In average-risk adults, which screening approach is described for colorectal cancer?

Explanation:
Regular screening for colorectal cancer in average-risk adults can be done with several approaches, and one commonly described option is an annual stool-based test. Fecal occult blood testing looks for hidden blood in the stool, which can be an early sign of cancer or large polyps. It’s noninvasive and can be done at home, making it a frequently taught, accessible screening pathway. If the test is positive, a follow-up colonoscopy is needed to locate and remove any lesions. Other schedules shown have issues with standard practice. A colonoscopy every ten years is a valid screening option but involves a more invasive procedure and isn’t described in every context as the primary screening method for all patients. CT colonography and colonoscopy intervals like every two or five years aren’t aligned with common guidelines for average-risk individuals, making them less fitting descriptions in this scenario.
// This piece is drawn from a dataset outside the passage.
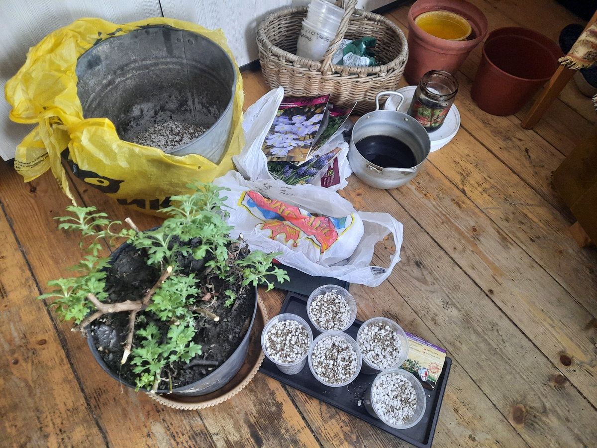 По рекомендации Валерия Марушина решила обеспечить и мелколуковичным весенним, и полузимнезеленым (оказывается, и такие есть! Я и не знала!) холодный старт. Кроме этого пора черенки хризантемы мультифлоры пристраивать на укоренение. Один куст созрел. Притащила сегодня в тележке ведро земляниго микса из города. Муж без машины эти дни приезжал, а он тяжелое не попрет, если не приперло. Ну, я заготовила все, что считала нужным, и приступила к колдовсту. Вот горшок с "черенками". Я его не обламывала, поэтому они весьма привлекательно выглядят по сравнению с другими горшками. Циолит и вемикулит перемешала и насыпала в стаканчики. Без земли! Дырки там есть! Сажа из трубы. Фитоспорин для обработки и полива. Глиокладин откопала. Вспомнила, что корневин-то я и не купила вчера! Забыла! Вот и череночки. Наломала, наотрывала, накопала тех, что побольше выросли. В горшке еще много осталось. На всякий случай! В стаканчики положила по таблетке глиакладина, полила фитоспорином. Выкупанные в к

Regular screening for colorectal cancer in average-risk adults can be done with several approaches, and one commonly described option is an annual stool-based test. Fecal occult blood testing looks for hidden blood in the stool, which can be an early sign of cancer or large polyps. It’s noninvasive and can be done at home, making it a frequently taught, accessible screening pathway. If the test is positive, a follow-up colonoscopy is needed to locate and remove any lesions.
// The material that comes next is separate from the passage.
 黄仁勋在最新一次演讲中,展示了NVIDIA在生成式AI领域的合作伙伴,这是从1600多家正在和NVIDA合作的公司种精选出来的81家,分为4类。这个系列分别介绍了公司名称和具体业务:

Other schedules shown have issues with standard practice. A colonoscopy every ten years is a valid screening option but involves a more invasive procedure and isn’t described in every context as the primary screening method for all patients. CT colonography and colonoscopy intervals like every two or five years aren’t aligned with common guidelines for average-risk individuals, making them less fitting descriptions in this scenario.